A click, a swoosh. Then a click and a swoosh again. Repeating rhythmically. Then a thud and it’s silent for a moment. Then it restarts. It’s 2:00 am and I hear this sound coming from my patio. I only moved in that week and wasn’t familiar with the house’s particular noises. This sound was odd. So I went to investigate. What I found stirred a change in me.
Intro
In 2017 I decided to learn code with no tech background or relevant experiences. I’d never attempted to code before, and was approaching my forties. Yet within the span of ten months, I was working as a front-end developer for a startup. Sounds like a miraculous transformation but it wasn’t. It was the culmination of a long journey. It required changes in my attitude and lifestyle, with constant work towards the next step.

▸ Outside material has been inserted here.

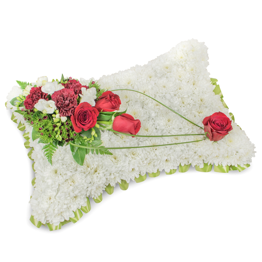 Deliver your deepest sympathies with our beautifully unique bouquet, designed to provide comfort and express your heartfelt emotions. This elegant arrangement combines white chrysanthemums, radiant red roses, sweet-smelling white freesias, rich dark red carnations, lovely dianthus, and swaying bear grass, creating a harmonious blend of colors and textures.

Most career-change stories begin once a decision is made and the hard work begins. But the truth is that before you get there there is a long process of figuring things out and setting yourself up for success.
It’s usually “the montage” part of the story. In this article I want to slow it down and share with you that process; what motivated me to look for a new career and the personal changes I made to be ready for it long before I started learning the new skills.
The motivation
Let’s start from the beginning. What motivates us to embark on a career change? And one step further - what pushes us towards any great change?
Smells like teen advice
As I approached my late thirties I started to evaluate my life and my choices. The thing about your thirties is that almost all the decisions that lead to your current life were made when you were in your teens – or at most, a very inexperienced individual. When you made those decisions you didn’t know much about the older you. You couldn’t have known how your experiences would have shaped you and how your priorities were going to change.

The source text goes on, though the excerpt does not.